┌──

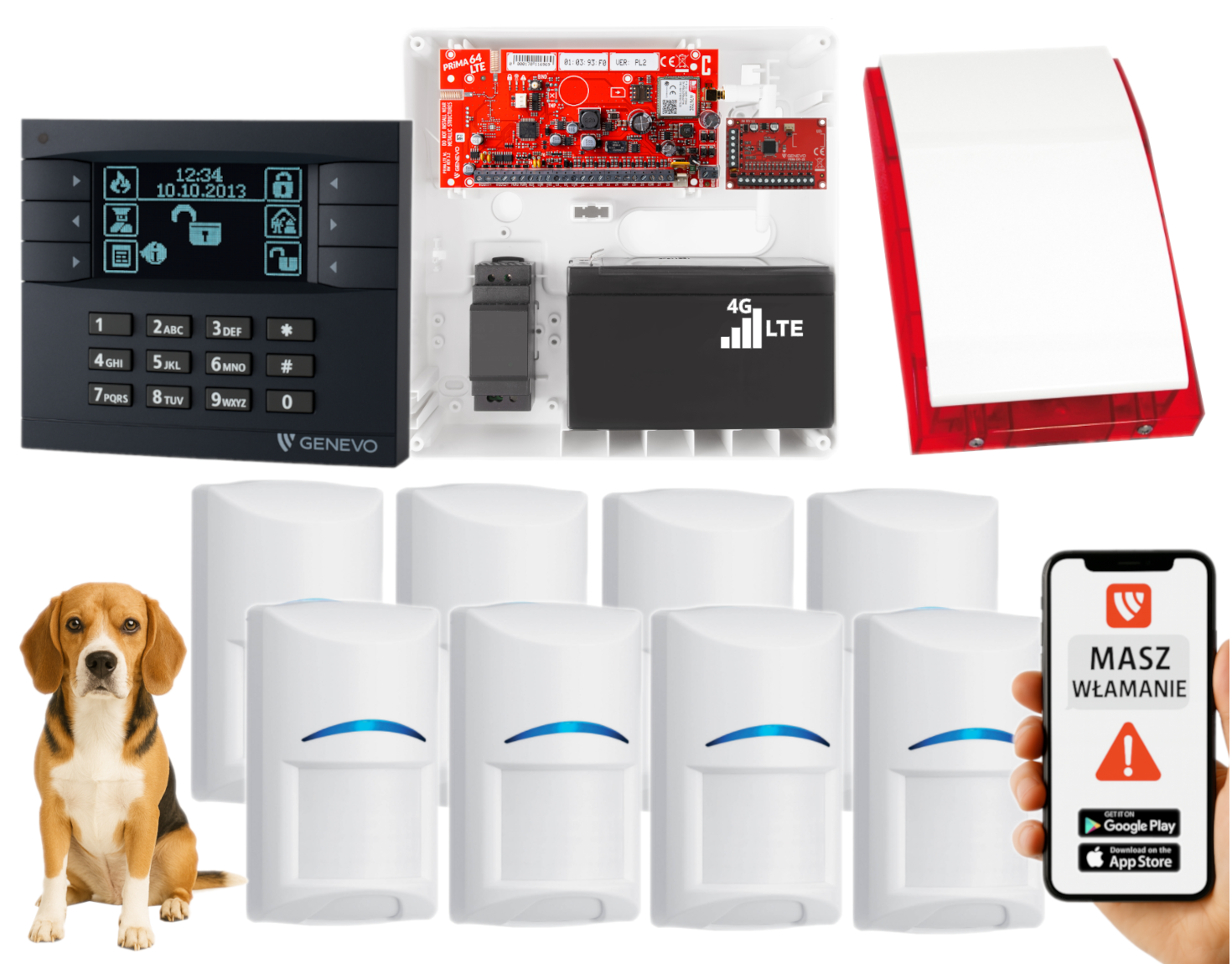 System alarmowy oparty na centrali Genevo PRiMA64LTE to nowoczesne, przewodowe rozwiązanie przeznaczone do ochrony obiektów prywatnych i komercyjnych. Dzięki połączeniu zaawansowanych funkcji z obsługą technologii
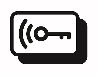 The mark consists of a stylized key with 2 waves emanating to the left, all within a rectangle with rounded edges and the rectangle's shadow visible behind.
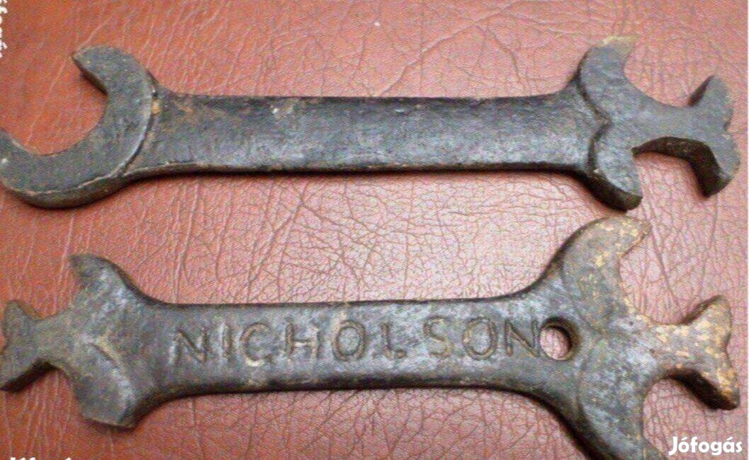 Eladó egyben 2 db antik kovácsoltvas villás kulcs az 1800-as évekből .Nicholson - Gépgyár Budapest terméke. Méret: 22 cm hosszú
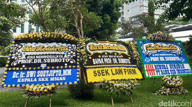 Jakarta - Eks Menteri Pertambangan dan Energi (kini ESDM) Prof Subroto meninggal dunia. Karangan bunga duka cita pun membanjiri Kementerian ESDM, Jakarta, Rabu (21/12).
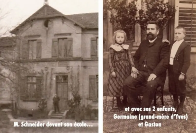 En 1914, M. Schneider fut l’instituteur de mon père alors qu’il avait 6 ans et il en gardait tellement de souvenirs (bons ou mauvais) qu’il aimait nous raconter ces années passées avec lui, années qui pour M. Schneider ne furent surement pas faciles car il devait apprendre l’allemand à ses élèves alors que son fils Gaston était tombé à la guerre dès le début de celle-ci.

└──

**What is being asked:** The records above must be output exactly, except for the pictures.

**Solution to this exercise:**
 System alarmowy oparty na centrali Genevo PRiMA64LTE to nowoczesne, przewodowe rozwiązanie przeznaczone do ochrony obiektów prywatnych i komercyjnych. Dzięki połączeniu zaawansowanych funkcji z obsługą technologii
 The mark consists of a stylized key with 2 waves emanating to the left, all within a rectangle with rounded edges and the rectangle's shadow visible behind.
 Eladó egyben 2 db antik kovácsoltvas villás kulcs az 1800-as évekből .Nicholson - Gépgyár Budapest terméke. Méret: 22 cm hosszú
 Jakarta - Eks Menteri Pertambangan dan Energi (kini ESDM) Prof Subroto meninggal dunia. Karangan bunga duka cita pun membanjiri Kementerian ESDM, Jakarta, Rabu (21/12).
 En 1914, M. Schneider fut l’instituteur de mon père alors qu’il avait 6 ans et il en gardait tellement de souvenirs (bons ou mauvais) qu’il aimait nous raconter ces années passées avec lui, années qui pour M. Schneider ne furent surement pas faciles car il devait apprendre l’allemand à ses élèves alors que son fils Gaston était tombé à la guerre dès le début de celle-ci.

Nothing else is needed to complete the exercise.